Crawling (also sometimes called “spidering”) is a common technique computers use to discover the content of a website. Major search engines like Google rely on crawling, as does Silktide.
Crawling is a simple process:
- Download a webpage
- Remember all the pages that webpage links to
- If you have pages you haven’t downloaded yet, repeat from #1
This is somewhat simplified, but it illustrates several important concepts:
You can only crawl pages that are linked to
If a page hasn’t been linked to from another page, there is no way for crawling to discover it. This is important in both Silktide and Google. For example, a web address that is written on a poster but never linked to elsewhere on your website is known as an ‘orphaned page’ and will never be crawled.

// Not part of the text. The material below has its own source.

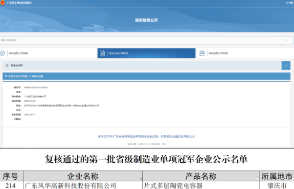 近日,广东省工业和信息化厅发布《关于2025年广东省省级制造业单项冠军企业及第一批复核企业 通过名单的公示》。风华高科主导产品片式多层陶瓷电容器(MLCC)凭借其卓越市场表现、领先技术 实力与深厚产业积淀,成功通过复核,再次获评"省级制造业单项冠军企业"。这一荣誉充分肯定了风华 高科在电子基础元器件细分领域长期专注创新、引领国产化进程的标杆地位。 | 序号 企业名称 | 产品名称 | - 所属地市 | | --- | --- | --- | | 214 广东风华高新科技股份有限公司 | 片式多层陶瓷电容器 | 肇庆市 | 公司自成立以来,便开始使用并注册了"FH"等商标。"风华"品牌先后被认定为"广东省著名商 标"和"中国驰名商标"。公司拥有1个中国名牌产品和9个广东省名牌产品,先后荣获"全国质量工作先进 单位""广东省政府质量奖"等荣誉,并入选"中国十大电子元件杰出品牌"。 凭借卓越的综合实力,风华高科核心产品MLCC与片式电阻器均荣获"全国制造业单项冠军产品"称 号,公司被评为广东省基础电子元器件产业链"链主"企业,整体品牌影响力与市场认可度持续增强。此 次MLCC产品再度获评省级制造业单项冠军,不仅进一 ...

Orphaned pages can be tested in Silktide by manually adding the page URL(s) to a website report.
Crawling takes time
To crawl a website, a page must be downloaded to find new links, then follow those links and test any new pages… and so on, until all pages are found.
Most crawlers – including Google and Silktide – will download multiple pages at once to speed this process up, but it still takes time. If you try to download a website too quickly, you can put too much demand on the website and cause it to crash.
In order to prevent significant load on your website servers, Silktide limits the number of simultaneous connections to 6, equivalent to 6 regular website users browsing simultaneously.
Crawling can go on forever
Some websites might include so-called ‘spider traps’, which can cause a crawler to go on crawling forever.
A common example might be a calendar widget. Typically a calendar contains link to view the next day, and next day, and so on. These can continue until the year 300,000 AD and beyond. A crawler doesn’t understand that following these links makes no sense, and will continue to try to find the end of a series of URLs that can go on forever.
As a result, most crawlers have some built-in constraints to make them give up if they find too many pages. Often these constraints can also prevent ‘real’ pages that you want to test from being discovered.
Using custom rules, Silktide can be configured to ignore the URLs that lead to spider traps, while ensuring that the relevant pages you do want to test are included in your website reports.